It is important to emphasize: No one in the project claims we will reach 200-year lifespans. The goals are moderate, realistic, and clear: to halt functional decline in the seventh and eighth decades of life.
What Can Israel and Individuals Learn From This?
- Aging is a strategic-policy issue, not just a medical one. Israel is also aging, albeit more slowly. Our life expectancy is among the highest in the world, but our healthspan is not necessarily. It would be worthwhile for the Ministry of Health, the Innovation Authority, and academia to discuss this seriously.
- A local epigenetic clock. Classic Western clocks were developed on European populations. It would be beneficial to have an epigenetic clock calibrated to the Israeli population, with all its diverse origins. This is research that is feasible at a reasonable cost if there is national will.
- Sharing health data for longevity research. The Israeli healthcare system has a vast and unique database in the world, four HMOs with decades of continuity.
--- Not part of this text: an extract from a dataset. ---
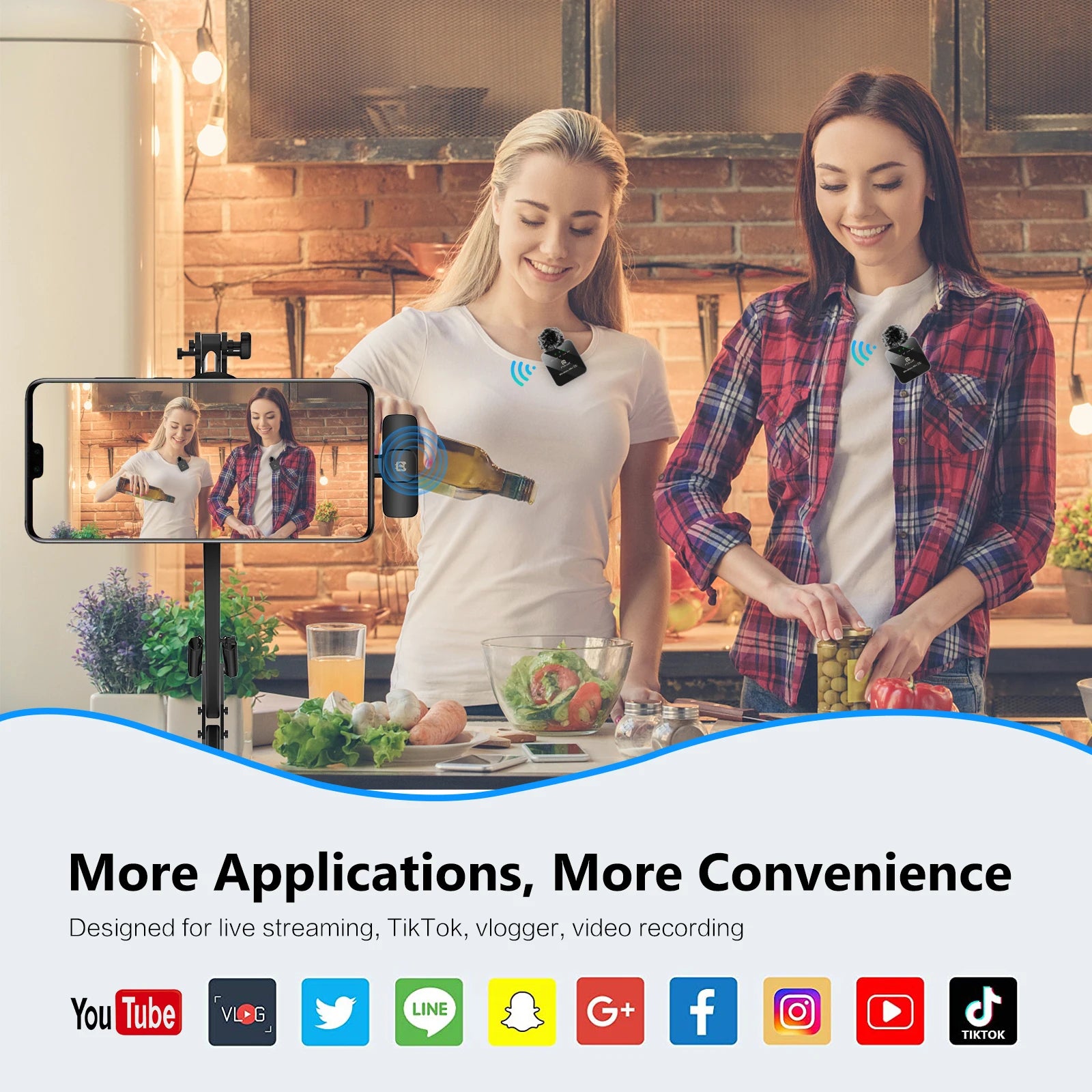 PULUZ Wireless Lavalier Microphone Portable Audio Video Recording Mini Mic for iPhone Android Outdoor Live Broadcast Phone Mic

Utilizing it for geroscience research would keep Israel at the forefront of science.
- On a personal level, there is no need to wait for a national project. Lifestyle factors that affect the biological clock (diet, physical activity, sleep, social engagement) are available today, without any regulatory approval. The evidence for this has actually strengthened in the past year.
- Join or follow studies. Clinical trials on senolytics, low-dose rapamycin, metformin, NAD+, and more are also opening in Israel. Informed observers are the first to be exposed to updates.
The Broader Perspective
National projects of this scale do not start overnight. They are the product of a decade of basic research, years of internal policy discussions, and demographic pressure that ultimately forced the Korean government to decide. The real win of the project is not just in this or that molecule; it is in the declaration that aging itself is a legitimate policy target.
This is the first time a large country (45 million residents, one of the most advanced economies in the world) treats aging processes as a problem worth attacking directly, rather than just managing indirectly through treating age-related diseases. In 10 years, we will look back and see this as the first step of the era of policy geroscience.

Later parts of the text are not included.